Requirement
Your task is to transcribe the lines from the start of the data below through the line containing "Die Entscheidung fällt", inclusive, exactly as they stand and without the pictures.
**********
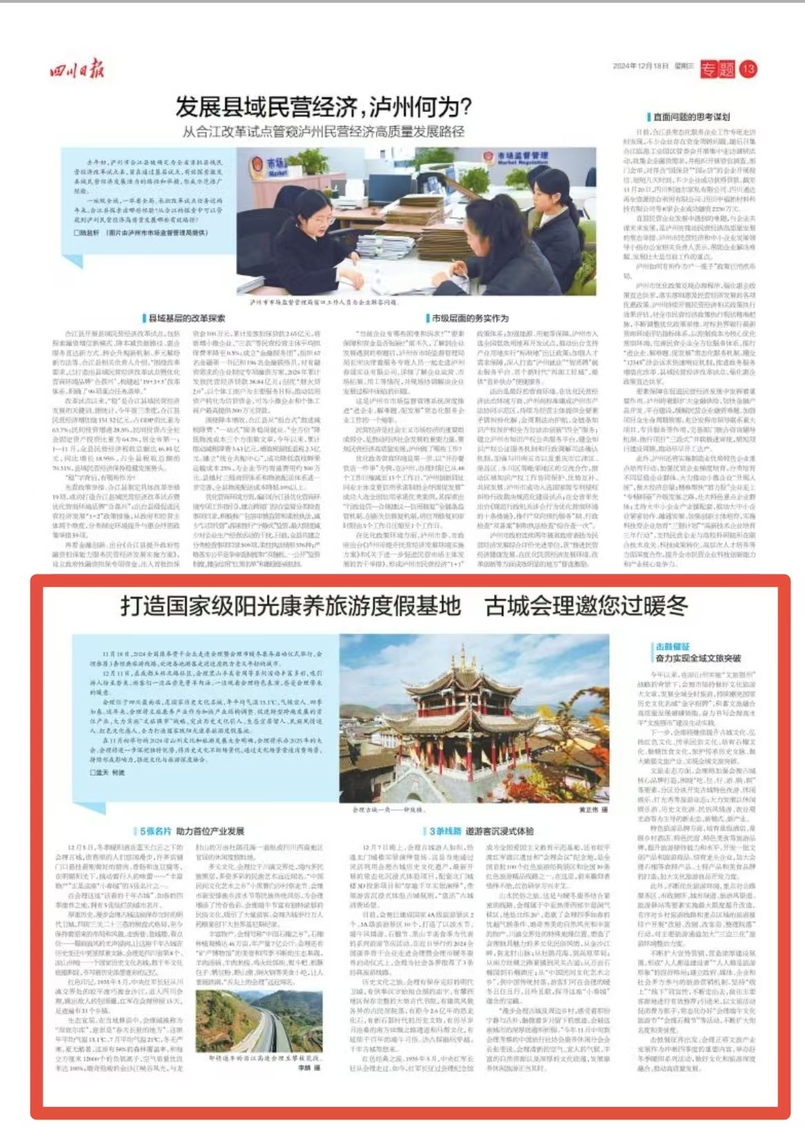 12月18日,四川日报刊发文章《打造国家级阳光康养旅游度假基地 古城会理邀您过暖冬》,聚焦会理推进文化与旅游深度融合发展,全力打造国家级阳光康养旅游度假基地。
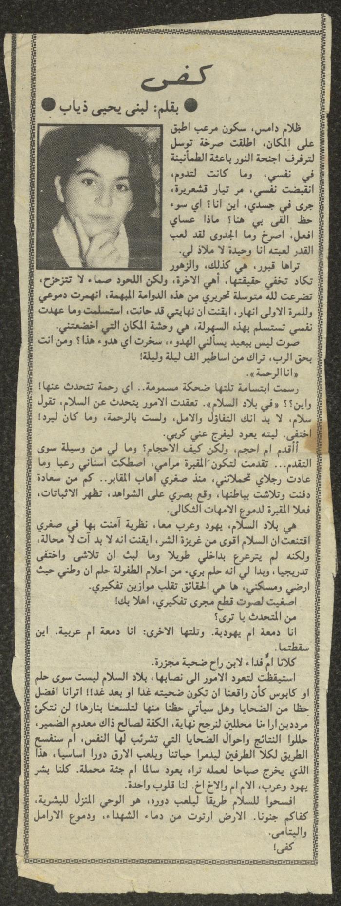 قصاصة من جريدة تتضمن خاطرة بعنوان "كفى" بقلم لبنى يحيى ذياب، تصف فيها أمل رغبتها بالسلام، وتصف أن الألم واحد سواء كنت يهوديًا أم عربيًا، لذلك لا بد من اتخاذ الرحمة والوحدة طريقًا لهذا السلام.
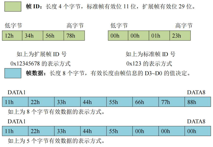 以下例子是一個(gè)擴(kuò)展數(shù)據(jù)幀,幀ID為0x12345678,包含8個(gè)字節(jié)有效數(shù)(11h,22h,33h,44h,55h,66h,77h,88h)的表示方式。以下例子是一個(gè)標(biāo)準(zhǔn)數(shù)據(jù)幀,幀ID為0x123,包含5個(gè)字節(jié)有效數(shù)據(jù)(11h,22h,33h,44h,55h)的表示方式。
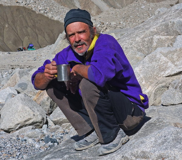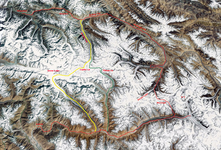 Die Entscheidung fällt mir nicht leicht: Der Weg zurück zum Braldu-Gletscher und über den Lupke-La hinunter auf den Sim-Gang-Gletscher, Snow-Lake und Biafo-Gletscher nach Askole ist bedeutend weiter. Doch den "verschollenen" Tilman-Pass - übrigens die Wasserscheide zwischen der indischen Tiefebene und Zentralasien - habe ich wieder entdeckt und er wird sicher in Zukunft eine interessante Variante sein, um den Karakorum zu überschreiten.
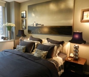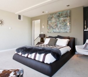 Un tablou mare deasupra patului matrimonial poate fi punctul focal al dormitorului. Poţi folosi această strategie în beneficiul tău, mai ales dacă vrei ca încăperea să fie cât mai simplu decorată, dar în acelaşi timp să nu plictisească.
**********
Finished task
 12月18日,四川日报刊发文章《打造国家级阳光康养旅游度假基地 古城会理邀您过暖冬》,聚焦会理推进文化与旅游深度融合发展,全力打造国家级阳光康养旅游度假基地。
 قصاصة من جريدة تتضمن خاطرة بعنوان "كفى" بقلم لبنى يحيى ذياب، تصف فيها أمل رغبتها بالسلام، وتصف أن الألم واحد سواء كنت يهوديًا أم عربيًا، لذلك لا بد من اتخاذ الرحمة والوحدة طريقًا لهذا السلام.
 以下例子是一個(gè)擴(kuò)展數(shù)據(jù)幀,幀ID為0x12345678,包含8個(gè)字節(jié)有效數(shù)(11h,22h,33h,44h,55h,66h,77h,88h)的表示方式。以下例子是一個(gè)標(biāo)準(zhǔn)數(shù)據(jù)幀,幀ID為0x123,包含5個(gè)字節(jié)有效數(shù)據(jù)(11h,22h,33h,44h,55h)的表示方式。
 Die Entscheidung fällt mir nicht leicht: Der Weg zurück zum Braldu-Gletscher und über den Lupke-La hinunter auf den Sim-Gang-Gletscher, Snow-Lake und Biafo-Gletscher nach Askole ist bedeutend weiter. Doch den "verschollenen" Tilman-Pass - übrigens die Wasserscheide zwischen der indischen Tiefebene und Zentralasien - habe ich wieder entdeckt und er wird sicher in Zukunft eine interessante Variante sein, um den Karakorum zu überschreiten.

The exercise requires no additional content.